# Action item:
When you find the line with "ribbed crew neck" among the records below, reproduce it and each line after it exactly, ending with the line with "The rights and".

# Listed entries:
+--

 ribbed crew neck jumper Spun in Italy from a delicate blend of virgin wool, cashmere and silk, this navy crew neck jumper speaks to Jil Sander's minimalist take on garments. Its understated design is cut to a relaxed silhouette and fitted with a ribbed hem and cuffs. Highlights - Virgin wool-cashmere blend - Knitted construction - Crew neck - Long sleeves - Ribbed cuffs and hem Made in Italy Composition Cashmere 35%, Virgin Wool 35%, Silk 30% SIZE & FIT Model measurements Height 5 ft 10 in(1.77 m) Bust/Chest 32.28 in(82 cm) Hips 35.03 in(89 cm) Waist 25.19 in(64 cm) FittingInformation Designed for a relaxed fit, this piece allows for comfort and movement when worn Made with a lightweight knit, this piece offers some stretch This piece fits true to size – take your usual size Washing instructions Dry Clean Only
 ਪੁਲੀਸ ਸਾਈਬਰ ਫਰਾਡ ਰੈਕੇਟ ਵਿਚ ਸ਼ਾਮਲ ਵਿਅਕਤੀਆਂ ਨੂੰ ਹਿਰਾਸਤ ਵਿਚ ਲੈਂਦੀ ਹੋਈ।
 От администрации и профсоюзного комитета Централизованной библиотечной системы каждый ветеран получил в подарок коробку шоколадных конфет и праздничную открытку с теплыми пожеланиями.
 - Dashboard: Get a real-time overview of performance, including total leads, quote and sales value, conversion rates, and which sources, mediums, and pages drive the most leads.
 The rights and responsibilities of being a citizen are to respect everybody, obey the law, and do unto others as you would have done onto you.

+--

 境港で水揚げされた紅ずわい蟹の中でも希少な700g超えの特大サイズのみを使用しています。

+--

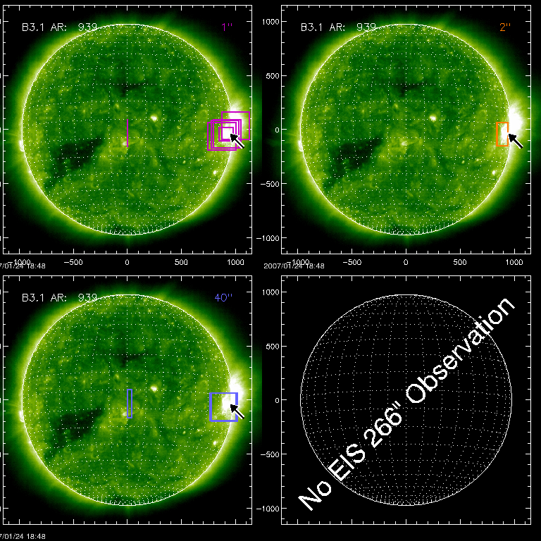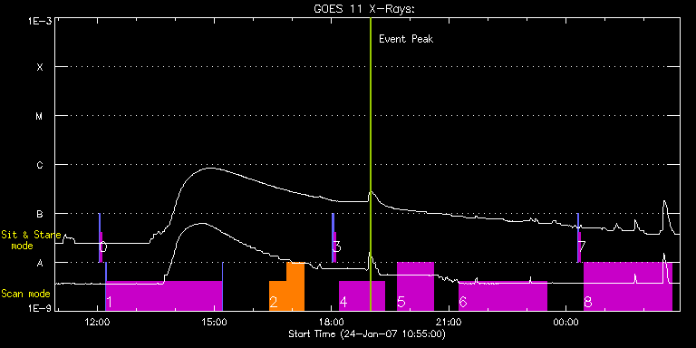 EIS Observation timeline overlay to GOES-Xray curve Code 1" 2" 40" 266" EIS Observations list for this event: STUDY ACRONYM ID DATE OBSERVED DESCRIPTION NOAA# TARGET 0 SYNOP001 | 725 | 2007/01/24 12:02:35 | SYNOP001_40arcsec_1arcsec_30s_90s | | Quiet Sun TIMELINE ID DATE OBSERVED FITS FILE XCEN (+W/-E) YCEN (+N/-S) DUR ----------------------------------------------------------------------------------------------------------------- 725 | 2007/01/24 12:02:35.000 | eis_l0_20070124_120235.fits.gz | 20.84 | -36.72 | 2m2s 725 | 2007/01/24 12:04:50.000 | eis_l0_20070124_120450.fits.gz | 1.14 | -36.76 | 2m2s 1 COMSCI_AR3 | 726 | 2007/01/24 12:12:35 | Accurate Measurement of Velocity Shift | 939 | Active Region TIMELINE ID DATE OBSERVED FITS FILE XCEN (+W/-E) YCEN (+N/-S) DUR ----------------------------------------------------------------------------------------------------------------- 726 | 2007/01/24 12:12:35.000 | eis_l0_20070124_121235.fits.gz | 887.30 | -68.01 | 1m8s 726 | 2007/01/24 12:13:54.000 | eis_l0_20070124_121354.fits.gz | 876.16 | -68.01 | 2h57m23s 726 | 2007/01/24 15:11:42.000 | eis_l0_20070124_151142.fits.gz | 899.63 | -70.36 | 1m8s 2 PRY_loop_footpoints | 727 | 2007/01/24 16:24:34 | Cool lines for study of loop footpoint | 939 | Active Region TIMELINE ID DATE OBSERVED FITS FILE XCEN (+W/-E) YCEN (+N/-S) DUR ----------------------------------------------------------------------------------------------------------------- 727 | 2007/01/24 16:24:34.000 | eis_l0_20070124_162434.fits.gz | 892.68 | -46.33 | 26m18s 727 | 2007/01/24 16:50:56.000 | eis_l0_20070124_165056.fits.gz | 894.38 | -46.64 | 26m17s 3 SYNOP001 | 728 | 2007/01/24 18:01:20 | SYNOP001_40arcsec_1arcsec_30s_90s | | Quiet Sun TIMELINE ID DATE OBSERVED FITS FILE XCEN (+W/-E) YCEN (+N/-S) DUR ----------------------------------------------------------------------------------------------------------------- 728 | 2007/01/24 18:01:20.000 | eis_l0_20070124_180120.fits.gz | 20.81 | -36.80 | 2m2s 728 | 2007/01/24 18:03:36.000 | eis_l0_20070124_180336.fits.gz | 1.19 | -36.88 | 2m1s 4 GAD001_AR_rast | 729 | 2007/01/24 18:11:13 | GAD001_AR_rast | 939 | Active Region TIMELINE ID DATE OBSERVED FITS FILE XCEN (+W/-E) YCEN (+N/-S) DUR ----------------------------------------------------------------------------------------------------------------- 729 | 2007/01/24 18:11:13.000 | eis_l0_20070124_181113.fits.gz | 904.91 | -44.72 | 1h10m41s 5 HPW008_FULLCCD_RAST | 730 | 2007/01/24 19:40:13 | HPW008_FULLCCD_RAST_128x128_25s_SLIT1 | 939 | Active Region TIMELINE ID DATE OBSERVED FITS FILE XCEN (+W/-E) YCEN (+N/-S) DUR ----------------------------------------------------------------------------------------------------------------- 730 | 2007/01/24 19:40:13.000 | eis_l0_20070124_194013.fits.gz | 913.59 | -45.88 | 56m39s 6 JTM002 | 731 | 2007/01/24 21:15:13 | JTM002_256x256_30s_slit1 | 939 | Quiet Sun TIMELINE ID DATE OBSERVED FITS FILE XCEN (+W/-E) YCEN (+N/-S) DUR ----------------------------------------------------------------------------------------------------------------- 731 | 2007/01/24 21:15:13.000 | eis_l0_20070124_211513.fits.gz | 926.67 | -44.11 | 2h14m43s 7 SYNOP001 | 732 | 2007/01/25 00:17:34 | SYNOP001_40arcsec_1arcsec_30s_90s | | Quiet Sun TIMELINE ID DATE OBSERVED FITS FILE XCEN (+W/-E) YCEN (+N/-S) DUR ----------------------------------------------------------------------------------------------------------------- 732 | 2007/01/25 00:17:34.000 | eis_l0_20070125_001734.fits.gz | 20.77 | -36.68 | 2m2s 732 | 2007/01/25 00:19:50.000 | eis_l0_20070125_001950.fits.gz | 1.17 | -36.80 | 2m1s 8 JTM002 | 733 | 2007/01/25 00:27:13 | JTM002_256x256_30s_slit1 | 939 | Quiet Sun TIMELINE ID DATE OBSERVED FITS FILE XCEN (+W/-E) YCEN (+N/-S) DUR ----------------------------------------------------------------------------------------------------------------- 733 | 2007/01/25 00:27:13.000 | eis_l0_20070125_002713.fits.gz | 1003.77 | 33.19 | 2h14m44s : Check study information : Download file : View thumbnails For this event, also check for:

+--

# Response box:
 ribbed crew neck jumper Spun in Italy from a delicate blend of virgin wool, cashmere and silk, this navy crew neck jumper speaks to Jil Sander's minimalist take on garments. Its understated design is cut to a relaxed silhouette and fitted with a ribbed hem and cuffs. Highlights - Virgin wool-cashmere blend - Knitted construction - Crew neck - Long sleeves - Ribbed cuffs and hem Made in Italy Composition Cashmere 35%, Virgin Wool 35%, Silk 30% SIZE & FIT Model measurements Height 5 ft 10 in(1.77 m) Bust/Chest 32.28 in(82 cm) Hips 35.03 in(89 cm) Waist 25.19 in(64 cm) FittingInformation Designed for a relaxed fit, this piece allows for comfort and movement when worn Made with a lightweight knit, this piece offers some stretch This piece fits true to size – take your usual size Washing instructions Dry Clean Only
 ਪੁਲੀਸ ਸਾਈਬਰ ਫਰਾਡ ਰੈਕੇਟ ਵਿਚ ਸ਼ਾਮਲ ਵਿਅਕਤੀਆਂ ਨੂੰ ਹਿਰਾਸਤ ਵਿਚ ਲੈਂਦੀ ਹੋਈ।
 От администрации и профсоюзного комитета Централизованной библиотечной системы каждый ветеран получил в подарок коробку шоколадных конфет и праздничную открытку с теплыми пожеланиями.
 - Dashboard: Get a real-time overview of performance, including total leads, quote and sales value, conversion rates, and which sources, mediums, and pages drive the most leads.
 The rights and responsibilities of being a citizen are to respect everybody, obey the law, and do unto others as you would have done onto you.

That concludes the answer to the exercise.